Requirement.
Using the data that follows, give again word for word the lines between the one holding "2回戦は、今年8月の「ニコラ" and the one holding "指导价24.98万的次低配(豪华版)与指", inclusive. Omit the pictures.

Task material.
+++++
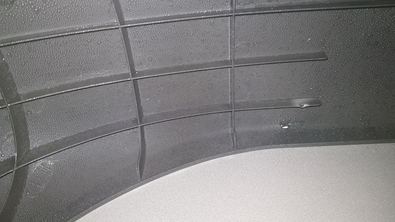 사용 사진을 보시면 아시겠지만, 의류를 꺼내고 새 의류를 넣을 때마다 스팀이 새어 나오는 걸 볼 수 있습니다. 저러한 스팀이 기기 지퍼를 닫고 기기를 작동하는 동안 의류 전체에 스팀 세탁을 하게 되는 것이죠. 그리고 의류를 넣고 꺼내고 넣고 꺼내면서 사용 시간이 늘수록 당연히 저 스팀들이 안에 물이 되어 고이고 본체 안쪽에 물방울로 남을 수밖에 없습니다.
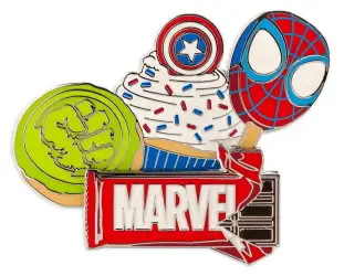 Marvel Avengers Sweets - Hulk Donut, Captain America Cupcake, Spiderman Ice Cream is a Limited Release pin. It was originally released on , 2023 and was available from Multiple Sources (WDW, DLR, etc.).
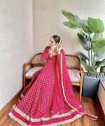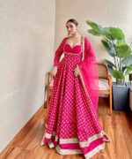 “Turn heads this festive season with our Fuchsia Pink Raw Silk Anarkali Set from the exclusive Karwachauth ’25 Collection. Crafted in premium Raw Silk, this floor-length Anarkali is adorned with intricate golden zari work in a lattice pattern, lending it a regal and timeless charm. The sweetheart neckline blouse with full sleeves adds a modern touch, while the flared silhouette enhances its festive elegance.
+++++
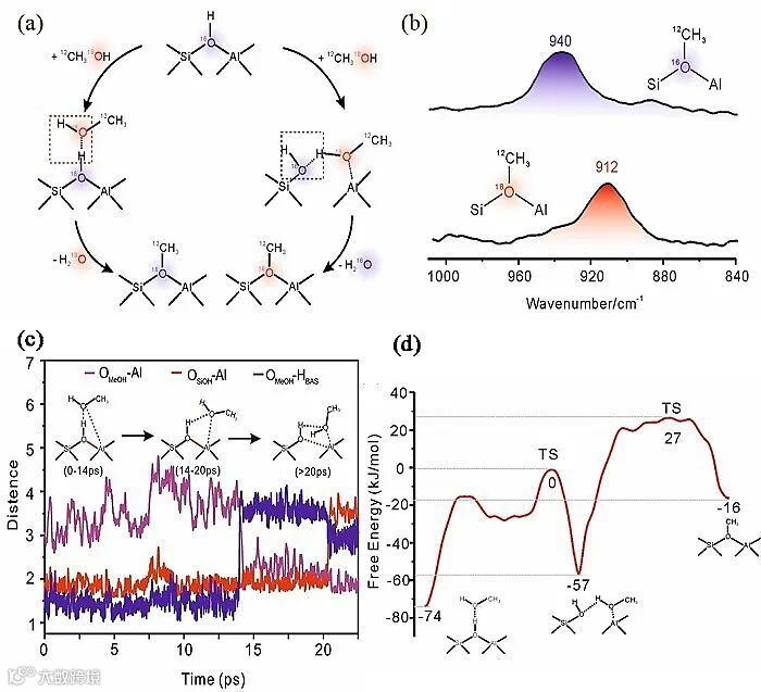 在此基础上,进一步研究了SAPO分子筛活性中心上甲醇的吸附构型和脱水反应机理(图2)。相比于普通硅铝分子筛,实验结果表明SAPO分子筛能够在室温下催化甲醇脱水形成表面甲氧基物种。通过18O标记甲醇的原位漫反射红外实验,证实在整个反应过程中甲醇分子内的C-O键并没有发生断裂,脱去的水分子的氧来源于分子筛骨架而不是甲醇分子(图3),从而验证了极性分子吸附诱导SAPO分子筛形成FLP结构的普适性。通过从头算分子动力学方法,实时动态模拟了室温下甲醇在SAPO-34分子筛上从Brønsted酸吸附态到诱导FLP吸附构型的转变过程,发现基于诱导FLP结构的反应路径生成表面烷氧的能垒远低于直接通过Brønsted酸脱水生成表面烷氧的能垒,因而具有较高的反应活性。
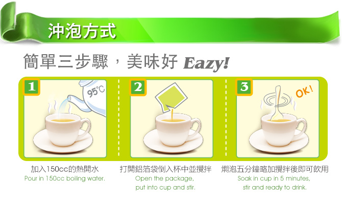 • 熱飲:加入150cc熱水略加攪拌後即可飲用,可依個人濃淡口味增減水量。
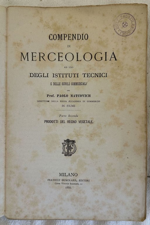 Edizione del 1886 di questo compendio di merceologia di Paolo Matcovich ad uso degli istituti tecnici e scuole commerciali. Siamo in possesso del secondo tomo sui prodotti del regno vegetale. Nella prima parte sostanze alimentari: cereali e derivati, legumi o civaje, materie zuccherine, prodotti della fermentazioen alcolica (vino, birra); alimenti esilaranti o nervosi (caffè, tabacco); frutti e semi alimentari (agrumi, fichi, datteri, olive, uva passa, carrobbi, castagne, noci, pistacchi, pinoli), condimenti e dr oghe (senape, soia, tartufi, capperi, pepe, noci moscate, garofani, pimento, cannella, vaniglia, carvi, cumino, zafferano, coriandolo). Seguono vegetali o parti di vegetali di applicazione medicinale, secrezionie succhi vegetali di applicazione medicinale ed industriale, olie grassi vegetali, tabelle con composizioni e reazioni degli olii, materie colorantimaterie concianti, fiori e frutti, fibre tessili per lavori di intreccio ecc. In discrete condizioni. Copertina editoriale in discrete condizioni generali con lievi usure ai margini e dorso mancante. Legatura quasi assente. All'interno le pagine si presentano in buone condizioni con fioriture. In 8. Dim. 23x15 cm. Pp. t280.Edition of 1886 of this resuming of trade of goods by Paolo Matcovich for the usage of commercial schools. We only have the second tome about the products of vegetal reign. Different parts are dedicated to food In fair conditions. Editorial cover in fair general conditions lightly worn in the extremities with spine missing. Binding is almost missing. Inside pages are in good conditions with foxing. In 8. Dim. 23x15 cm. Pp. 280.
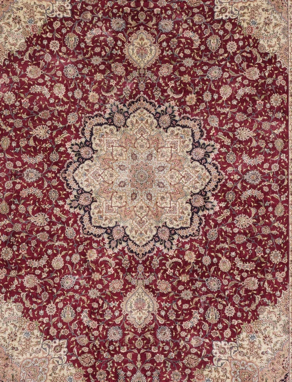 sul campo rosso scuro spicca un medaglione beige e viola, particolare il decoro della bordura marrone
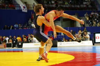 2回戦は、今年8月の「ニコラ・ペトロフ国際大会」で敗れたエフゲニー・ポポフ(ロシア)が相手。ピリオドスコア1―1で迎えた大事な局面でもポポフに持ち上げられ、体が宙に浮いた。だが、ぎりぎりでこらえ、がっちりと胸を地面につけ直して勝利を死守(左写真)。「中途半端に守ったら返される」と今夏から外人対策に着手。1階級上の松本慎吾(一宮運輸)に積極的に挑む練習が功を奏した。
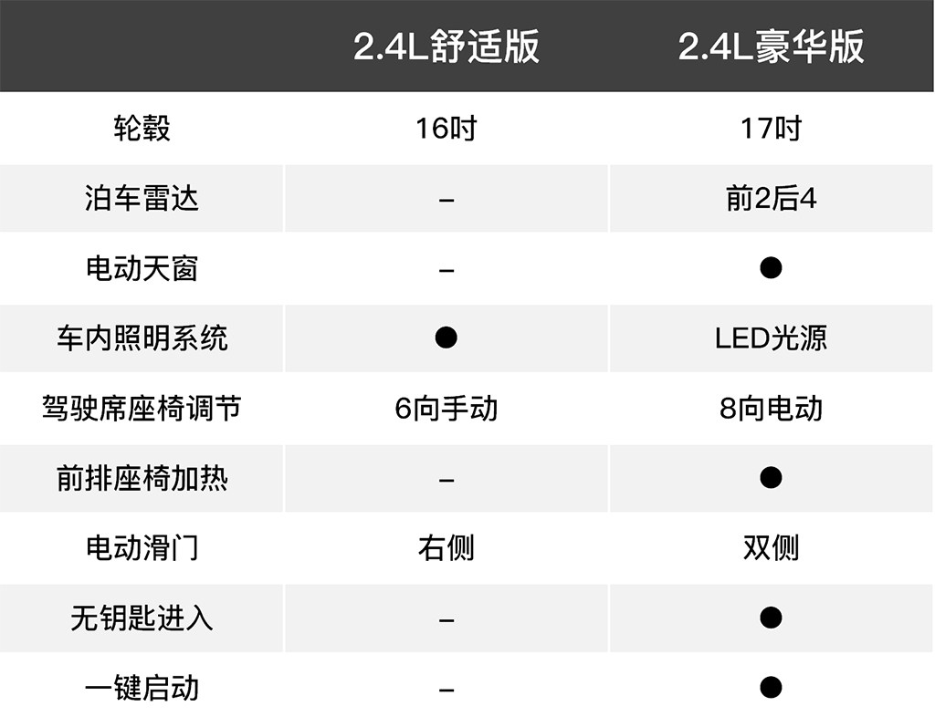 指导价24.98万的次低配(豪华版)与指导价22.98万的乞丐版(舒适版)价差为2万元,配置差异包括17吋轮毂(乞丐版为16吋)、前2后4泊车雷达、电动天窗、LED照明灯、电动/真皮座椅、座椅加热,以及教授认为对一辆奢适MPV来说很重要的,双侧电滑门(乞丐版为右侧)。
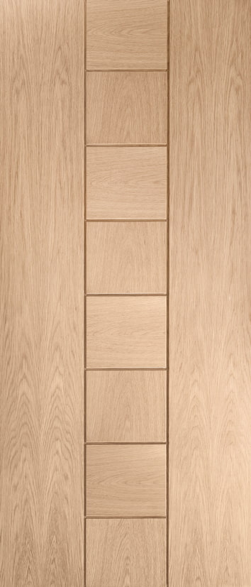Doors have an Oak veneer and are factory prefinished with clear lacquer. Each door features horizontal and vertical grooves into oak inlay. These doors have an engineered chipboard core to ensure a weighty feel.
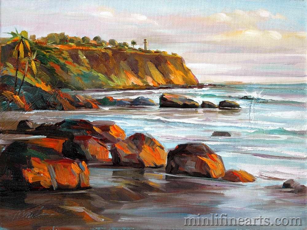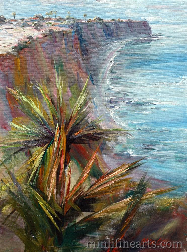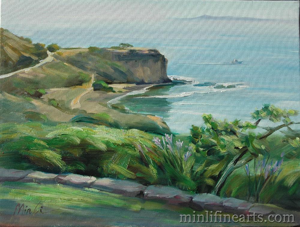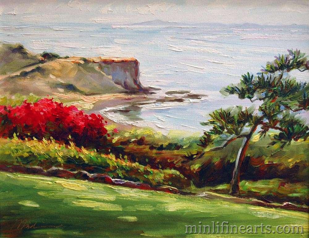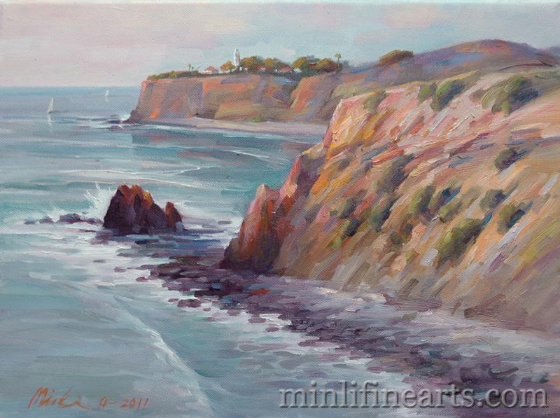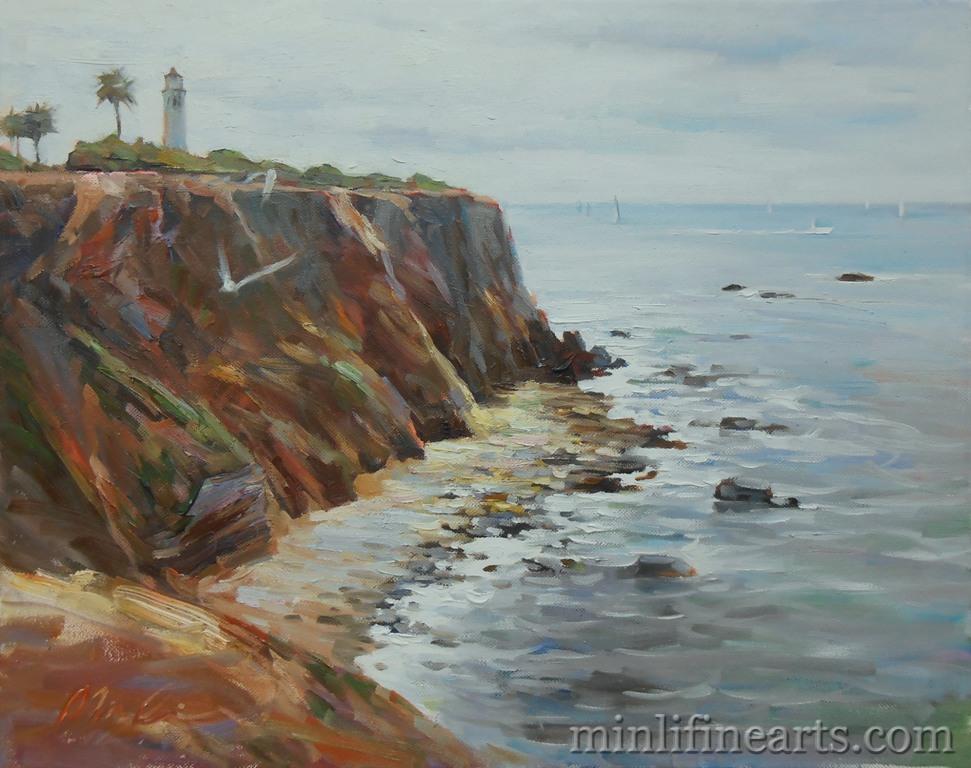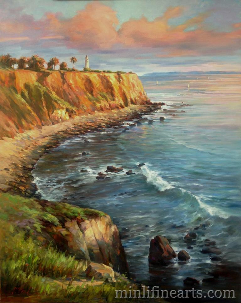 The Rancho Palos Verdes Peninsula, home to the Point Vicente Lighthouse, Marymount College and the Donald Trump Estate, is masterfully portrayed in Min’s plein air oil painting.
+++++
Output of the exercise.
 2回戦は、今年8月の「ニコラ・ペトロフ国際大会」で敗れたエフゲニー・ポポフ(ロシア)が相手。ピリオドスコア1―1で迎えた大事な局面でもポポフに持ち上げられ、体が宙に浮いた。だが、ぎりぎりでこらえ、がっちりと胸を地面につけ直して勝利を死守(左写真)。「中途半端に守ったら返される」と今夏から外人対策に着手。1階級上の松本慎吾(一宮運輸)に積極的に挑む練習が功を奏した。
 指导价24.98万的次低配(豪华版)与指导价22.98万的乞丐版(舒适版)价差为2万元,配置差异包括17吋轮毂(乞丐版为16吋)、前2后4泊车雷达、电动天窗、LED照明灯、电动/真皮座椅、座椅加热,以及教授认为对一辆奢适MPV来说很重要的,双侧电滑门(乞丐版为右侧)。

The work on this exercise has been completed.